Profile Image for Kevin.
1,103 reviews56 followers
June 2, 2018
A fascinating look at our second president. I listened to this on audio book and have to confess some of the philosophical angles were hard to process while listening on my daily walk or in the car which is why it took me so long to finish. Need larger chunks of time to enjoy this one methinks. But a great overview of Adams' approach to government and how that often served him poorly in politics. Thought provoking reconsideration of Adams versus Jefferson in the conclusion.

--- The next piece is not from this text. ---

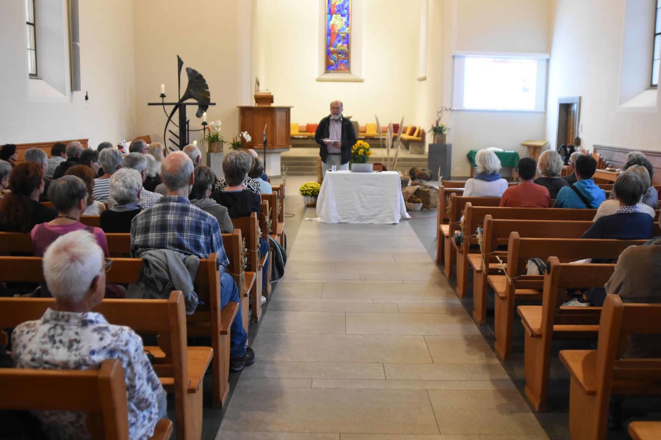 Aktuell gebe es zwei riesige Megatrends in die Milliarden investiert werden, erklärte Dr. Heinz Rüegger zum Beginn seines Referats am Montag 15.September in der reformierten Kirche in Schwanden: «Ewig Leben und nicht alt werden.» Beides verbaue den Menschen aber oft, glücklich in der aktuellen Lebensphase zu sein. Auf der einen Seite verursache es viel Stress, da man ja jünger sein sollte als man ist. Auf der anderen Seite verhindere es, bewusst im Hier und Heute zu leben, da man ja noch so lange Zeit hat. «Zwei Schlagwörter aus dem Barock haben aktuell so viel Bedeutung wie noch nie», meinte der Gerontologe weiter: Erstens bedeute «Memento mori», sich über die eigene Sterblichkeit und somit der Endlichkeit des Lebens bewusst zu sein. Denn nur dies führe, zweitens, zu «carpe diem», dem «Nutzen und Geniessen des Tages», denn «nur wenn die Tage gezählt sind, zählt jeder Tag.»

I don't know enough about the debates among scholars to know which side I fall on but found it interesting.
Profile Image for James Kingman.
188 reviews4 followers
May 19, 2022
Its not only hist’ry but theory
Though often the reading is eerie
The fight from then,
Original sin,
Is making us moderners weary.

More than most of the books in this series, and more than other short portraits of Adams, this slim volume crystalizes the political theory of the second president. He is generally under-regarded for his influence and ideas since he was not the most colorful in word or deed, but his steadfastness and cool assessment of long-term political dynamics stands out among the founders. He was not a political practitioner, but a statesman.
Profile Image for Brian.
136 reviews
October 30, 2023
Chapters 2 & 3 feel like they belong in a political science textbook rather than a popular biography. The book also spends a significant amount of ink on Thomas Jefferson, which would be fine in a different context, but the concept of this series of books is to present popular biographies of each individual president. Overall, this is not the greatest biography of Adams that I have read and it is not the best in this series of presidential biographies either.
Profile Image for Linda.
2,174 reviews
August 29, 2017
A brief biography of John Adams, which focuses less on the details of Adams' private life, and more on his philosophy of government, and his differences with Thomas Jefferson and Alexander Hamilton. Average, and just a little bit boring if one does not particularly care about 18th-century politics.
Profile Image for Elyzabeth Schneider.
7 reviews1 follower
November 20, 2017
It’s a good overview of the life of John Adams. It does seem to skip around a little bit on the dates but over all it’s a good overview—-I would read a full biography in addition to this one while a biography adds details of how Adams reacts to people this book dove into his thoughts and philosophies but the two go hand in hand nicely.

It does mention Jefferson quite a bit for a John Adams Bio.
Profile Image for Laurie.
1,764 reviews43 followers
February 26, 2019
I’m glad I picked up these short bios. I enjoyed how much of Adams’ own words were used in this, and there was an interesting section that covered his philosophical writings in a way none of the longer bios has done. If one were to choose just a single bio to read on Adams, this really shouldn’t be it, but it’s a nice addition to other bios.
Profile Image for James P.
247 reviews2 followers
March 24, 2017
A third of the book is on political theory and is a little dense in a volume this size. Does a good job of defending Adams as a political theorist and explaining why his presidency is viewed by many as a failure. Good complement to Appleby's Jefferson, also in the series. Would recommend it.
17 reviews
Read
March 28, 2020
Even though I live one town away from Adams's home, I knew nothing about him. Might have to read the BIG biography at some point. What an interesting man! We used to have real thinkers in the White House. Sigh.
591 reviews3 followers
May 13, 2022
A bit of an apologia but interesting none the less. I wish we expended as much energy on leadership for positive change now as seems to be committed toward creating and arguing over new narratives and dramatics for the “founding fathers”.